**TASK DETAILS**:
Please output the listing exactly as it stands, but omit any images.

**THE DATA**:
=======

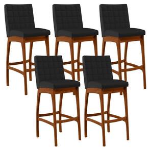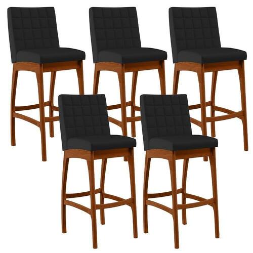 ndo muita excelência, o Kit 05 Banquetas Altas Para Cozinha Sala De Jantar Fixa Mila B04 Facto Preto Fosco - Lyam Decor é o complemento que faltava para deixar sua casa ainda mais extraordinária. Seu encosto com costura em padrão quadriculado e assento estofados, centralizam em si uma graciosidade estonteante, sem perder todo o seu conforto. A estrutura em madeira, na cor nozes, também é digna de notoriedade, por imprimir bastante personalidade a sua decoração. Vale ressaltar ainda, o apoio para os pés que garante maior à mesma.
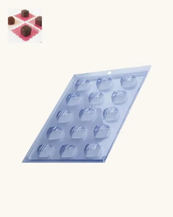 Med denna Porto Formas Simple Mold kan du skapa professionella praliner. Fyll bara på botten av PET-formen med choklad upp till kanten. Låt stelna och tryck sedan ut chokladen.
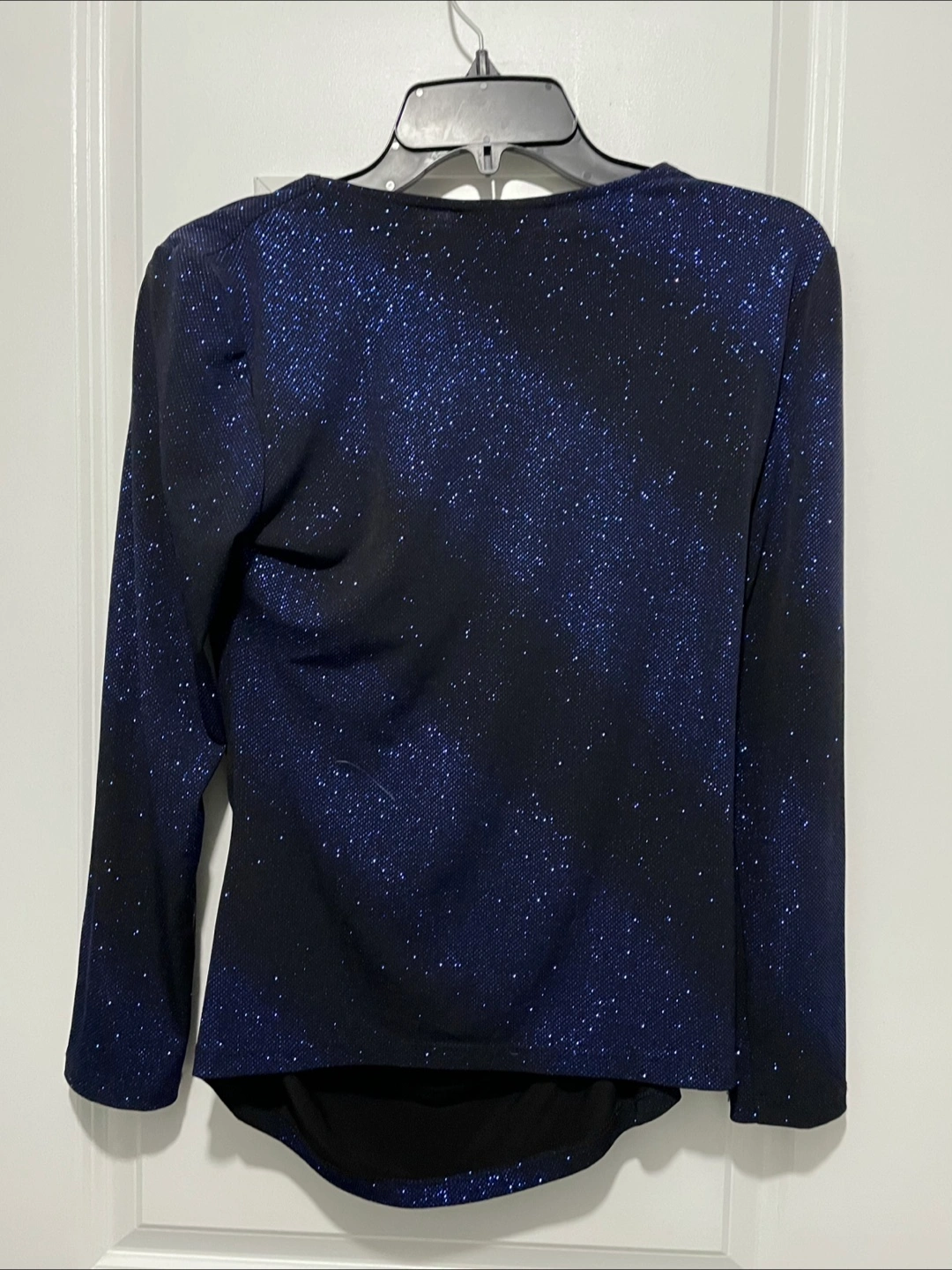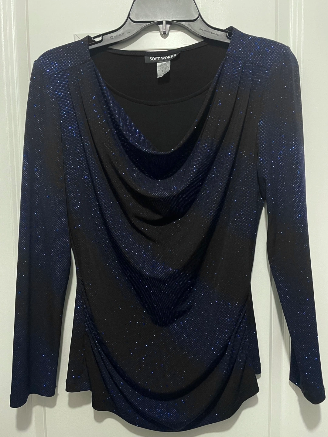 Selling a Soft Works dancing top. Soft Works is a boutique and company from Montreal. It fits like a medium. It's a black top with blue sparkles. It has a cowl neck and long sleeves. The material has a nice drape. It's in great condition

=======

**EXERCISE OUTPUT**:
 ndo muita excelência, o Kit 05 Banquetas Altas Para Cozinha Sala De Jantar Fixa Mila B04 Facto Preto Fosco - Lyam Decor é o complemento que faltava para deixar sua casa ainda mais extraordinária. Seu encosto com costura em padrão quadriculado e assento estofados, centralizam em si uma graciosidade estonteante, sem perder todo o seu conforto. A estrutura em madeira, na cor nozes, também é digna de notoriedade, por imprimir bastante personalidade a sua decoração. Vale ressaltar ainda, o apoio para os pés que garante maior à mesma.
 Med denna Porto Formas Simple Mold kan du skapa professionella praliner. Fyll bara på botten av PET-formen med choklad upp till kanten. Låt stelna och tryck sedan ut chokladen.
 Selling a Soft Works dancing top. Soft Works is a boutique and company from Montreal. It fits like a medium. It's a black top with blue sparkles. It has a cowl neck and long sleeves. The material has a nice drape. It's in great condition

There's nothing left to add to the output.